Work to complete: Would you return exactly the lines below from the line with "a. Delete the" through the line with "6.足底筋膜:足底筋膜是重要", both included, and nothing else, leaving out the pictures?

___ Data

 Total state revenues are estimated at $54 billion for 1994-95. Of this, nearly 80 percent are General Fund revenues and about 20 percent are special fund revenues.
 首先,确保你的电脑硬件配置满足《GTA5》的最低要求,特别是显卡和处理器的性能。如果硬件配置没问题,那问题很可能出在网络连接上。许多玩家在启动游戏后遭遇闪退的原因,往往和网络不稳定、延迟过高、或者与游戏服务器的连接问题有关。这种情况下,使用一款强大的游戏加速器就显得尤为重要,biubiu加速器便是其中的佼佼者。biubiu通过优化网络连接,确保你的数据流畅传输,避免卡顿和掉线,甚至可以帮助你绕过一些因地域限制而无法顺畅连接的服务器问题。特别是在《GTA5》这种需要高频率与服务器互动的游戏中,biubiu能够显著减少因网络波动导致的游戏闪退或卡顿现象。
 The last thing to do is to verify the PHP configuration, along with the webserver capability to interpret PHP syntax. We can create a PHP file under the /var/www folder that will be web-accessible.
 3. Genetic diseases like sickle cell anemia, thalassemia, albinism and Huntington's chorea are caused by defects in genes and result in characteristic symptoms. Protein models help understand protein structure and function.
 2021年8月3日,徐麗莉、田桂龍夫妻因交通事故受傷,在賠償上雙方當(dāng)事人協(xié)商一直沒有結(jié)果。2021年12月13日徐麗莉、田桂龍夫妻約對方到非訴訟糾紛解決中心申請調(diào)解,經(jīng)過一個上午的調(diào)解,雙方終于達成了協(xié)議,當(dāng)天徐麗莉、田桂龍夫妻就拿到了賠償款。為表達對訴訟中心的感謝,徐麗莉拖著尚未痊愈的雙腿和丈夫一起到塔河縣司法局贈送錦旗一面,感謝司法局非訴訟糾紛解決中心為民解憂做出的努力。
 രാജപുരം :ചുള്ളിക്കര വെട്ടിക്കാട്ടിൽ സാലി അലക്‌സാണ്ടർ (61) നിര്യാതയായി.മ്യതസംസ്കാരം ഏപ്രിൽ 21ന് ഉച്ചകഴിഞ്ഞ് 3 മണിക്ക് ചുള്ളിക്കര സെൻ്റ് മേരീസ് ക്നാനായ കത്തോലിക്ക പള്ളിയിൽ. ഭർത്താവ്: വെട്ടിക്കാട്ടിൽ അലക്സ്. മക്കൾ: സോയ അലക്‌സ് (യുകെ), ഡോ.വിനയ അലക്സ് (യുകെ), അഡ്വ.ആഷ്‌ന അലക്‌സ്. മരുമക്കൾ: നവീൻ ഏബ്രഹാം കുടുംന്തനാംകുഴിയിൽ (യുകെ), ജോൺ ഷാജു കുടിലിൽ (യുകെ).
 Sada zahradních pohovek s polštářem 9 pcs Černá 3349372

______
___ Data

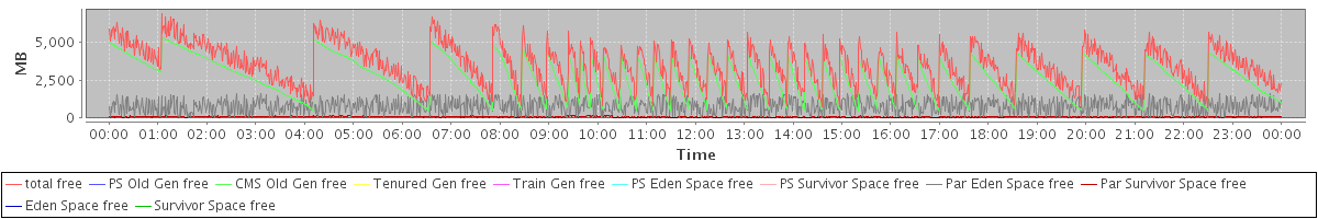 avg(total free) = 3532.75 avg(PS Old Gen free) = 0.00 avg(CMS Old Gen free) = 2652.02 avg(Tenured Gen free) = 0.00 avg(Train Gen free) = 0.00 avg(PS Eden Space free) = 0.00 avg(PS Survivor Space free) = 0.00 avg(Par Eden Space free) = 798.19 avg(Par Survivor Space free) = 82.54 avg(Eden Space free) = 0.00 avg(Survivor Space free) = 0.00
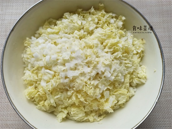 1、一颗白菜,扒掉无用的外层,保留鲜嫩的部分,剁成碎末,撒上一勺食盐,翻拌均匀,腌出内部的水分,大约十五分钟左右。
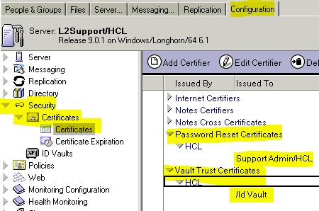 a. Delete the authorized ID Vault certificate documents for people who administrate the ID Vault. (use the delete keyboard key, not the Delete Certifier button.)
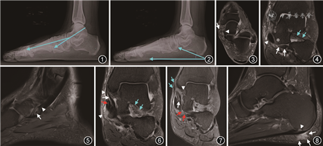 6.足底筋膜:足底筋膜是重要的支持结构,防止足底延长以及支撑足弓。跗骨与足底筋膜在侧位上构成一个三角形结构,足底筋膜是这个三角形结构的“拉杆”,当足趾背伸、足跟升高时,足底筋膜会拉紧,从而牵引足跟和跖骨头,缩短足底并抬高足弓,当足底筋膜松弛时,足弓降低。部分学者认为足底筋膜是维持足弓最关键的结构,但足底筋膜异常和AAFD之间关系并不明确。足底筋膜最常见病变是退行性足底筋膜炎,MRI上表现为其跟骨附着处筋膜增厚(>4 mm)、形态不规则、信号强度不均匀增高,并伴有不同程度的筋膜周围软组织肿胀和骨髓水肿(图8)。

______

Exercise response:
 a. Delete the authorized ID Vault certificate documents for people who administrate the ID Vault. (use the delete keyboard key, not the Delete Certifier button.)
 6.足底筋膜:足底筋膜是重要的支持结构,防止足底延长以及支撑足弓。跗骨与足底筋膜在侧位上构成一个三角形结构,足底筋膜是这个三角形结构的“拉杆”,当足趾背伸、足跟升高时,足底筋膜会拉紧,从而牵引足跟和跖骨头,缩短足底并抬高足弓,当足底筋膜松弛时,足弓降低。部分学者认为足底筋膜是维持足弓最关键的结构,但足底筋膜异常和AAFD之间关系并不明确。足底筋膜最常见病变是退行性足底筋膜炎,MRI上表现为其跟骨附着处筋膜增厚(>4 mm)、形态不规则、信号强度不均匀增高,并伴有不同程度的筋膜周围软组织肿胀和骨髓水肿(图8)。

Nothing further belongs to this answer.